Hi guys. The code using StaticArrays performs really good, much faster than my previous version. Now I try to random seed the function rand_haar2, so I tried

const local_rng = Future.randjump(MersenneTwister(123),1)

function rand_haar2(::Val{n}) where n
    M = @SMatrix randn(local_rng,ComplexF64, (n,n)) # = rand(Ginibre(2, n))
    q = qr(M).Q
    L = cispi.(2 .* @SVector(rand(n)))
    return q*diagm(L)
end

But it doesn’t work. I got

ERROR: TypeError: in Type, in parameter, expected Type, got a value of type MersenneTwister

Anyone knows why? The reason I want to seed the random number generator is because I try to use parallel computing. Thanks!

That’s not entirely true, is it? StaticArrays also provides mutable versions of arrays, although the SMatrix used in this case is of course the immutable kind.

1 Like

Indeed, the difference is more about in what type of memory the array is stored. How mutable static arrays are implemented to be stored on the stack is beyond my understanding.

Another crucial difference, perhaps the main difference, is that StaticArrays have fixed size, encoded into their types.

4 Likes

I actually don’t see what mutability has to do with it. A piece of memory on the stack is no different in the way it is addressed compared to one on the heap. Maybe LLVM treats the stack wildly different, but in C/C++ an array on the stack can be used in the same way as one on the heap. It’s just that it can’t outlive a certain scope.

1 Like

Here is a better source, seems didactical: Chapter 6: Static arrays

1 Like

It is somewhat unfortunate that this page talks about ‘static arrays’ in the context of C++. The concept ‘static’ in C++ has quite a few different meanings (with new ones being defined with every specification update it seems). But ‘static’ arrays as described on that page would have better been called ‘fixed-size’ or ‘constant-size’ arrays (which then matches Julia’s StaticArrays.jl types).
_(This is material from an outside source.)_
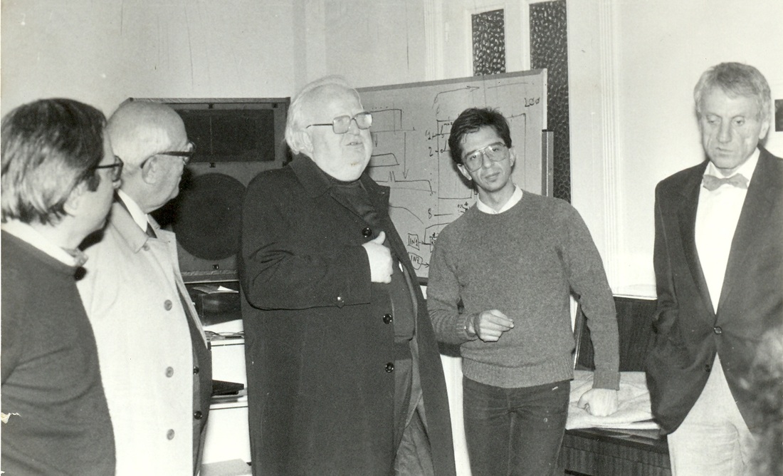 Xenakis' shadow looms large over the CMRC (Κ.ΣΥ.Μ.Ε.), the »/ks/« sound at the beginning of the Greek acronym acoustically reflecting how the X in the composer’s surname is pronounced in Greek. Xenakis was a singular figure in the European avant garde at the time. In many ways he embodies the archetypal polymath auteur. His compositional methods draw elements from wildly diverse sources, incorporating mathematical, statistical, and architectural concepts as well as themes from ancient Greek mythology. His works incorporate classical instrumentation alongside electronic electroacoustic sources and musique concrete manipulations. He often presented his works as large-scale events, somewhere between sonic theatre and installation work. By the late 1970s he was already an established figure, and among the few composers in the international new music scene that pushed boundaries while still managing to reach large audiences, far exceeding the Greek context where he was by comparison little known.

A static array in C++ usually implies either having static linkage (meaning it’s not visible outside the defining translation unit, i.e. C++ file), or having static initialization (meaning it will keep it’s value over multiple calls of the function in which it is defined). But this is getting pretty far off-topic for a Julia forum :slight_smile:

2 Likes

Note that @jisutich resolved this problem in Error when @SMatrix randn(rng,ComplexF64,(2,2)) · Issue #1019 · JuliaArrays/StaticArrays.jl · GitHub — apparently the preferred syntax is now:

M = randn(local_rng, SMatrix{n,n,ComplexF64})

which works with a local_rng argument, unlike @SMatrix.